3. CHROs organisieren Qualifikation der Mitarbeiter neu

Softwareroboter und Mitarbeiter arbeiten Hand in Hand. Das stellt auch den Chief Human Resources Officer (CHRO) und sein Team vor neue Aufgaben. Sie werden 2022 entscheiden, wie verschiedene Teams im Bereich Digitalisierung und Automatisierung weitergebildet werden und wo neue Mitarbeiter oder Teams benötigt werden.

Automatisierung ist nur erfolgreich, wenn die Mitarbeiter von Anfang an in das Thema einbezogen werden und sich aktiv daran beteiligen. Unternehmen müssen daher das Personal entsprechend schulen – sowohl im Umgang mit der Technologie als auch in Bezug auf Soft Skills wie Führungsqualitäten, kritisches Denken und Anpassungsfähigkeit.

„In dem Maß, wie sich Automatisierung auf den Alltag aller Mitarbeiter im Unternehmen auswirkt, muss es auch zu einer neuen Aufgabenverteilung in der Vorstandsetage kommen“, erklärt Annette Maier, Area Vice President Central & Eastern Europe bei UiPath. „Die neuen Aufgaben von CIO, CSO und CHRO werden zu einer verstärkten Kooperation dieser Funktionsbereiche führen, und damit auch die Verantwortungsbereiche des CFOs und CEOs beeinflussen.“

4. Semantische Automatisierung wird die Robotic Process Automation (RPA) revolutionieren

Technisch gesehen wird die Automatisierung im Jahr 2022 vor allem durch die zunehmende Entwicklung der semantischen Automatisierung vorangetrieben. Mussten bislang die vielen Schritte eines zu automatisierenden Prozesses noch einzeln und damit mühsam beschrieben werden, können Entwickler und auch Mitarbeiter in den Fachabteilungen zukünftig in natürlicher Sprache formulieren, welche Aufgaben im Workflow von Robotern übernommen werden sollen.

Softwareroboter mit semantischer Intelligenz wissen, was am Bildschirm zu sehen ist. Sie stellen Dokumente, Prozesse, Daten und Anwendungen selbstständig in den passenden Kontext.
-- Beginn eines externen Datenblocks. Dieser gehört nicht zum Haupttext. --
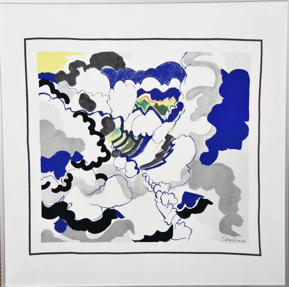 Maurice WYCKAERT (1923-1996) Abstract composition Silkscreen on canvas/textile Signed in the work at the bottom right. The dimensions are 79 x 79 cm. Preserved in perfect condition with beautiful deep and fresh colours, ready to hang on the wall. In a silver colored frame, 81 x 81 cm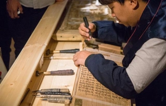 ▲ 전통판각 시연.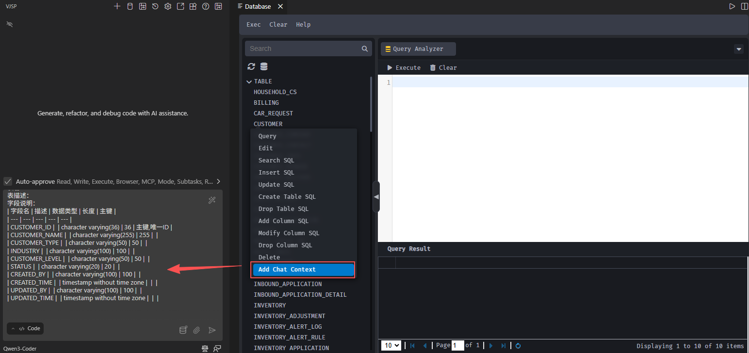 The database table schema is added to the input box.
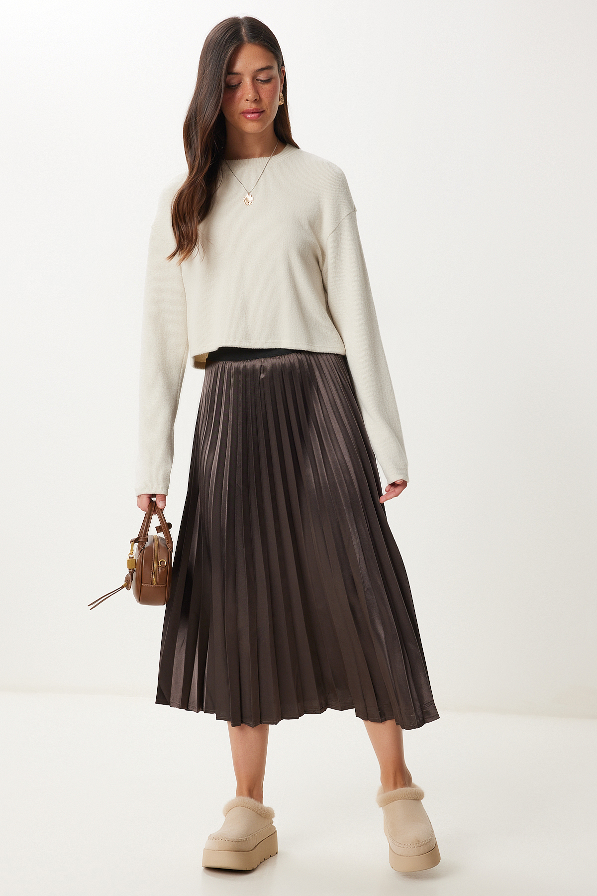 Kadın Metalik Gri Saten Yüzeyli Midi Etek MX00236 Kadın Metalik Gri Saten Yüzeyli Midi Etek MX00236 40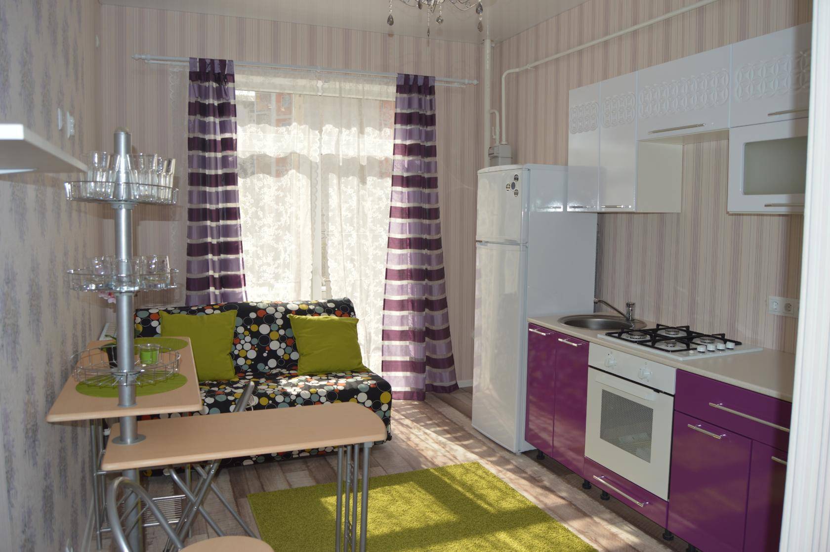 Если хочется больше элегантности, основным стоит сделать нейтральный светлый оттенок. Зеленые и фиолетовые тона можно добавить в яркой отделке фасадов, в легком орнаменте обоев и текстиле.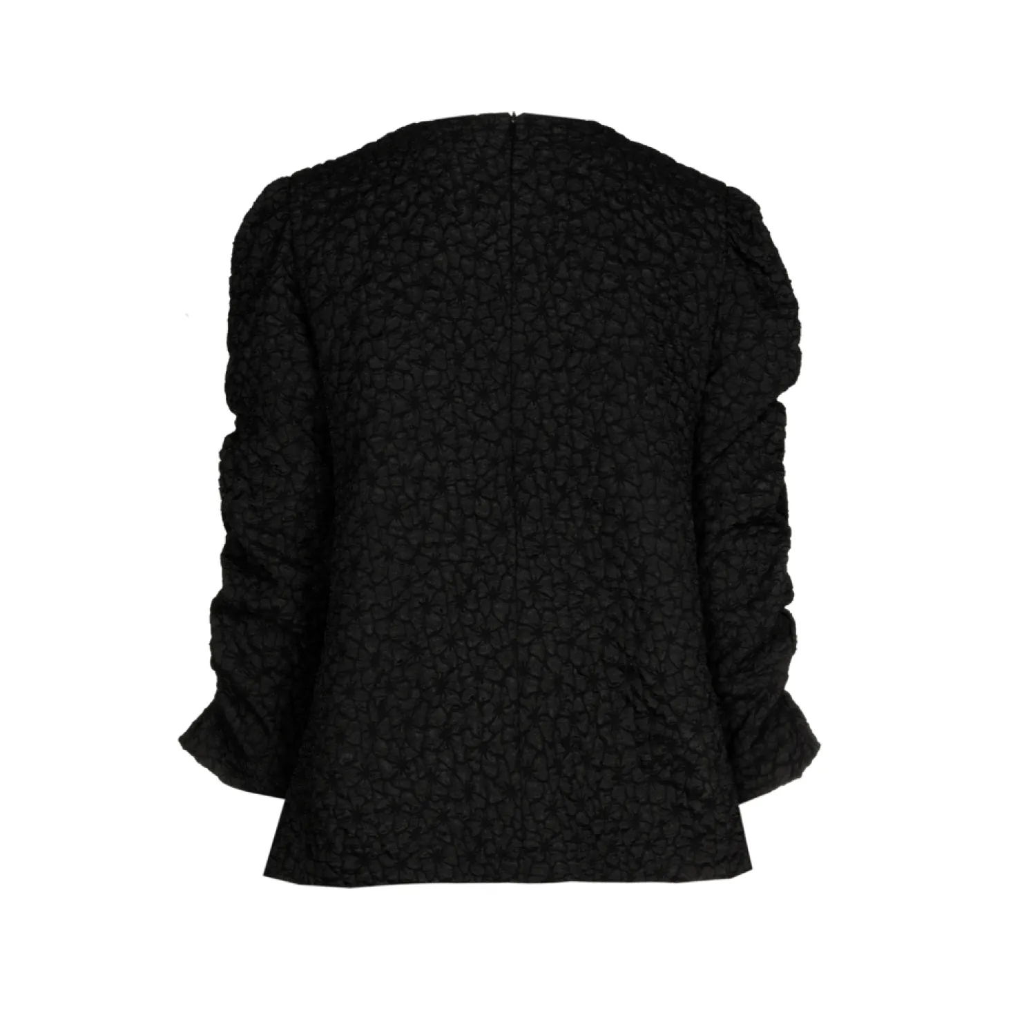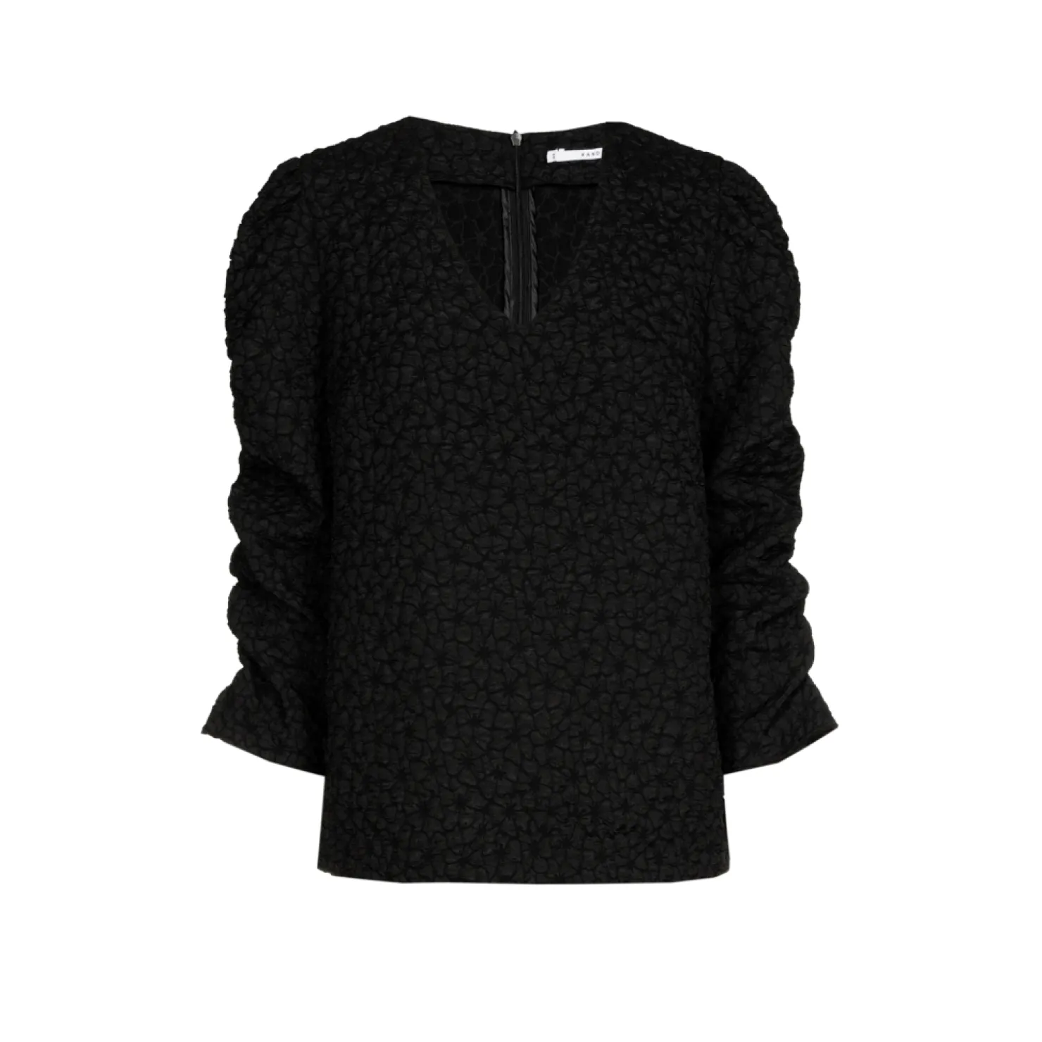Blouse met V-hals Pofmouw met opgetrokken effect Borstneep en splitje aan zijkant Blinde rits op de rug Jacquardgeweven…

Sie erkennen sich wiederholende Aufgaben und Prozesse und können diese dann selbstständig emulieren – ganz ohne manuelle Schritt-für-Schritt-Anleitung. Entwickler und Anwender können so die Entwicklung von Automatisierungen initiieren, indem sie die Softwareroboter beauftragen, eine Aufgabe auszuführen oder einen Workflow abzuschließen.

Im Jahr 2022 werden Anbieter von Automatisierungslösungen wie UiPath die spektakulären Fortschritte bei KI, ML und Mustererkennung in ihre Produkte mit aufnehmen. CIOs sollten diese revolutionären Möglichkeiten deshalb auf jeden Fall im Auge behalten.